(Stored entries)
━━━

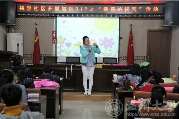 12月10日,万象城awc888“艺家人”青年志愿者协会“载梦小舟”梅泉支教活动在梅泉社区开展第六课志愿教学,此次支教活动是本学期的最后一期,在课程结束后随即召开了结业典礼,青协梅泉基地负责人、温大志愿者们及小朋友们参加了结业典礼。 这周开展的支教课程活动主题为“皱纸DIY之睡莲的秘密”。主讲志愿者是美院16级美术师范班的张蕾同学,首先她带领小朋友们了解制作步骤以及制作过程中需要注意的问题,接下来就是小朋友们在志愿者的协助下跟随张蕾同学的解说来制作有趣的睡莲啦!小朋友们有条不紊地跟随着主讲人的讲解,将睡莲的各个部位都完成了,将其组装成一朵朵幽静而神秘的睡莲,真是魅力无穷,让人不得不感叹小朋友们创意无限! 支教活动结束后便是结业典礼,“艺家人”干事汪成龙同学的发言拉开了此次典礼的序幕,首先是由万象城awc888的李雪涛老师发言讲述了对梅泉支教活动的大力支持与期望,同时对每一个志愿者的付出表达了赞许与欣赏:“我相信每一位来到这里的志愿者所付出的是一份不求回报的爱”。随后是梅泉社区的负责人发言表示对我们温大美院青协的支教活动给予极大的支持和赞同,相信志愿者们的热情犹如阳光,照暖每一个小朋友的心,带着他们发现艺术的美!最后,结业典礼的圆满结束也预示着下学期将会有完美地开展,让我们期待吧! 图/文:鲍彬彬
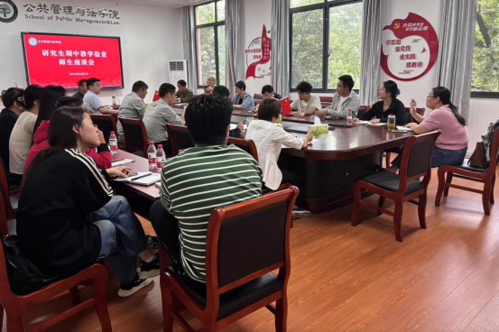 座谈会上,学生们踊跃发言,从导师与学生关系、教师授课、学生管理等方面提出了意见和建议。教师们认真倾听每一位学生的发言,以高度的专业素养和责任感对提出的问题进行了深入剖析和回应。公共管理学硕负责人卢成会老师、MPA负责人问延安老师、法硕负责人李青老师,学院导师代表袁同成老师、吴丽丽老师、施磊磊老师、艾东老师、曹祥莹等老师对研究生培养和发展给予建议。
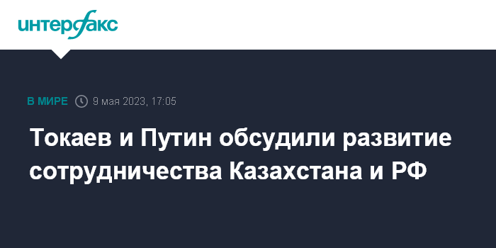 Москва. 9 мая. INTERFAX.RU - Президенты Казахстана и России Касым-Жомарт Токаев и Владимир Путин на встрече в Москве провели обстоятельный разговор, в ходе которого обсудили актуальные вопросы сотрудничества двух стран, сообщил журналистам во вторник пресс-секретарь казахстанского лидера Руслан Желдибай.
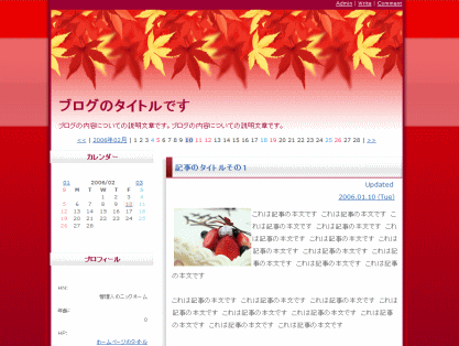 まったりと季節感を感じるテンプレートを作っています。初めて忍者ブログでテンプレートを作成しているので不具合があるかもしれませんが、遠慮なくフォームやコメントなどでお問い合わせ頂けたら幸いです♪
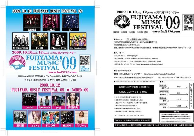 ■FUJIYAMA MUSIC FESTIVAL09 ■2009/10/10(土)・12(祝月) ■開場/開演 開場/12:30 開演/13:30 終了予定20:00 ■会場 河口湖ステラシアター 〒401-0301 山梨県南都留郡富士河口湖町船津5577 HP: http://stellartheater.jp/ ■出演者 10日:【VISUAL SHOCK】 12012 / LM.C / D / D'espairsRay / ドレミ團 / Plastic Tree / Mix Speaker's,Inc. 12日:【FUJIYAMA MUSIC FESTIVAL09×NOREN09】 jealkb / D-51 / Spontania / FLOW / BENI / MEANING / 傳田真央 / 飛
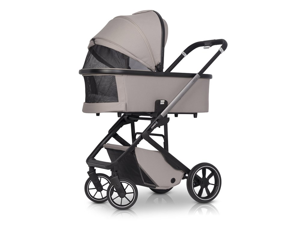 Gondola do wózka dziecięcego Cavoe Moi+ Taupe Gondola do wózka dziecięcego MOI+ również otrzymała dodatkową funkcjonalność dzięki zastosowaniu przycisków z pamięcią (funkcja Memory Buttons). Funkcja ta pozwala zdemontować gondolę przy użyciu jednej ręki. Po prostu wciśnij przyciski po obu stronach gondoli i unieś ją do góry trzymając za wygodny uchwyt w budce. Gondola wózka MOI+ jest duża i wygodna. Jej wewnętrzna długość to 78 cm, więc z pewnością wystarczy do czasu jak dziecko przesiądzie się do siedziska. Gondola jest bardzo lekka i zgrabna. Można ją złożyć na płasko na czas transportu lub przechowywania. W przedniej części gondoli znajduje się duży zamykany panel wentylacyjny, który w połączeniu z wentylatorem w budce, doskonale sprawdzi się ciepłe letnie dni. Gondola posiada plastikowe stopki, dzięki czemu nie ubrudzi się po postawieniu na ziemi. Funkcja Memory Buttons (przyciski z pamięcią) umożliwia wygodny demontaż za pomocą jednej ręki. WYMIARY [cm] Wnętrze gondoli (długość x szerokość x wysokość): 78 x 31 x 20 WAGA [kg] Gondola: 4,2Doplňkové parametry
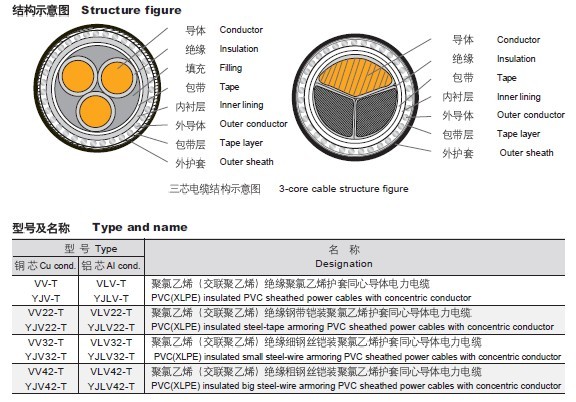 2、同心层导体比普通四芯电缆的第四芯在零序工作状态的电抗值低得多,有利于短路自动保护装置得灵敏动作,从而保证电缆相关设备的安全运行。
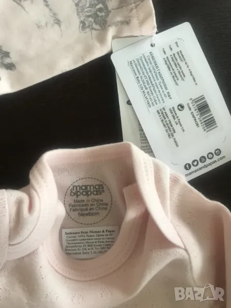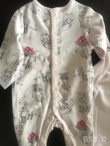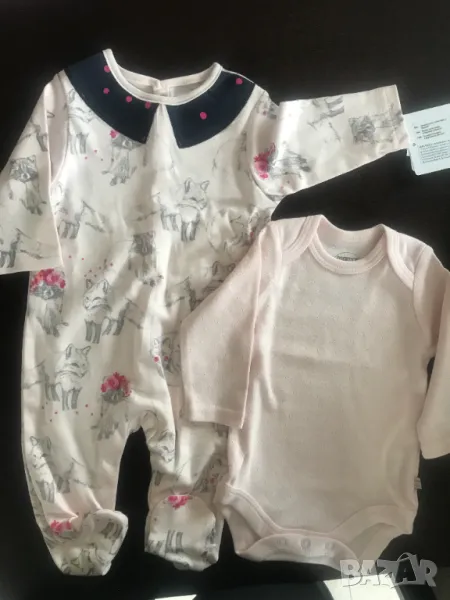2/ Mamas & Papas - комплект гащеризонче и боди с дълъг ръкав за новородено. Гащеризончето е със задно закопчаване, бледо розово с графитени рисунки на живтони, тъмно синя имитация на якичка. Бодито е бледо розово, със сърчица (ненарисувани, а част от плетката). Памук 100%. Двете заедно - 9 евро.

━━━

### Task brief:
Give the records back exactly. Leave the pictures out.

### The answer:
 12月10日,万象城awc888“艺家人”青年志愿者协会“载梦小舟”梅泉支教活动在梅泉社区开展第六课志愿教学,此次支教活动是本学期的最后一期,在课程结束后随即召开了结业典礼,青协梅泉基地负责人、温大志愿者们及小朋友们参加了结业典礼。 这周开展的支教课程活动主题为“皱纸DIY之睡莲的秘密”。主讲志愿者是美院16级美术师范班的张蕾同学,首先她带领小朋友们了解制作步骤以及制作过程中需要注意的问题,接下来就是小朋友们在志愿者的协助下跟随张蕾同学的解说来制作有趣的睡莲啦!小朋友们有条不紊地跟随着主讲人的讲解,将睡莲的各个部位都完成了,将其组装成一朵朵幽静而神秘的睡莲,真是魅力无穷,让人不得不感叹小朋友们创意无限! 支教活动结束后便是结业典礼,“艺家人”干事汪成龙同学的发言拉开了此次典礼的序幕,首先是由万象城awc888的李雪涛老师发言讲述了对梅泉支教活动的大力支持与期望,同时对每一个志愿者的付出表达了赞许与欣赏:“我相信每一位来到这里的志愿者所付出的是一份不求回报的爱”。随后是梅泉社区的负责人发言表示对我们温大美院青协的支教活动给予极大的支持和赞同,相信志愿者们的热情犹如阳光,照暖每一个小朋友的心,带着他们发现艺术的美!最后,结业典礼的圆满结束也预示着下学期将会有完美地开展,让我们期待吧! 图/文:鲍彬彬
 座谈会上,学生们踊跃发言,从导师与学生关系、教师授课、学生管理等方面提出了意见和建议。教师们认真倾听每一位学生的发言,以高度的专业素养和责任感对提出的问题进行了深入剖析和回应。公共管理学硕负责人卢成会老师、MPA负责人问延安老师、法硕负责人李青老师,学院导师代表袁同成老师、吴丽丽老师、施磊磊老师、艾东老师、曹祥莹等老师对研究生培养和发展给予建议。
 Москва. 9 мая. INTERFAX.RU - Президенты Казахстана и России Касым-Жомарт Токаев и Владимир Путин на встрече в Москве провели обстоятельный разговор, в ходе которого обсудили актуальные вопросы сотрудничества двух стран, сообщил журналистам во вторник пресс-секретарь казахстанского лидера Руслан Желдибай.
 まったりと季節感を感じるテンプレートを作っています。初めて忍者ブログでテンプレートを作成しているので不具合があるかもしれませんが、遠慮なくフォームやコメントなどでお問い合わせ頂けたら幸いです♪
 ■FUJIYAMA MUSIC FESTIVAL09 ■2009/10/10(土)・12(祝月) ■開場/開演 開場/12:30 開演/13:30 終了予定20:00 ■会場 河口湖ステラシアター 〒401-0301 山梨県南都留郡富士河口湖町船津5577 HP: http://stellartheater.jp/ ■出演者 10日:【VISUAL SHOCK】 12012 / LM.C / D / D'espairsRay / ドレミ團 / Plastic Tree / Mix Speaker's,Inc. 12日:【FUJIYAMA MUSIC FESTIVAL09×NOREN09】 jealkb / D-51 / Spontania / FLOW / BENI / MEANING / 傳田真央 / 飛
 Gondola do wózka dziecięcego Cavoe Moi+ Taupe Gondola do wózka dziecięcego MOI+ również otrzymała dodatkową funkcjonalność dzięki zastosowaniu przycisków z pamięcią (funkcja Memory Buttons). Funkcja ta pozwala zdemontować gondolę przy użyciu jednej ręki. Po prostu wciśnij przyciski po obu stronach gondoli i unieś ją do góry trzymając za wygodny uchwyt w budce. Gondola wózka MOI+ jest duża i wygodna. Jej wewnętrzna długość to 78 cm, więc z pewnością wystarczy do czasu jak dziecko przesiądzie się do siedziska. Gondola jest bardzo lekka i zgrabna. Można ją złożyć na płasko na czas transportu lub przechowywania. W przedniej części gondoli znajduje się duży zamykany panel wentylacyjny, który w połączeniu z wentylatorem w budce, doskonale sprawdzi się ciepłe letnie dni. Gondola posiada plastikowe stopki, dzięki czemu nie ubrudzi się po postawieniu na ziemi. Funkcja Memory Buttons (przyciski z pamięcią) umożliwia wygodny demontaż za pomocą jednej ręki. WYMIARY [cm] Wnętrze gondoli (długość x szerokość x wysokość): 78 x 31 x 20 WAGA [kg] Gondola: 4,2Doplňkové parametry
 2、同心层导体比普通四芯电缆的第四芯在零序工作状态的电抗值低得多,有利于短路自动保护装置得灵敏动作,从而保证电缆相关设备的安全运行。
2/ Mamas & Papas - комплект гащеризонче и боди с дълъг ръкав за новородено. Гащеризончето е със задно закопчаване, бледо розово с графитени рисунки на живтони, тъмно синя имитация на якичка. Бодито е бледо розово, със сърчица (ненарисувани, а част от плетката). Памук 100%. Двете заедно - 9 евро.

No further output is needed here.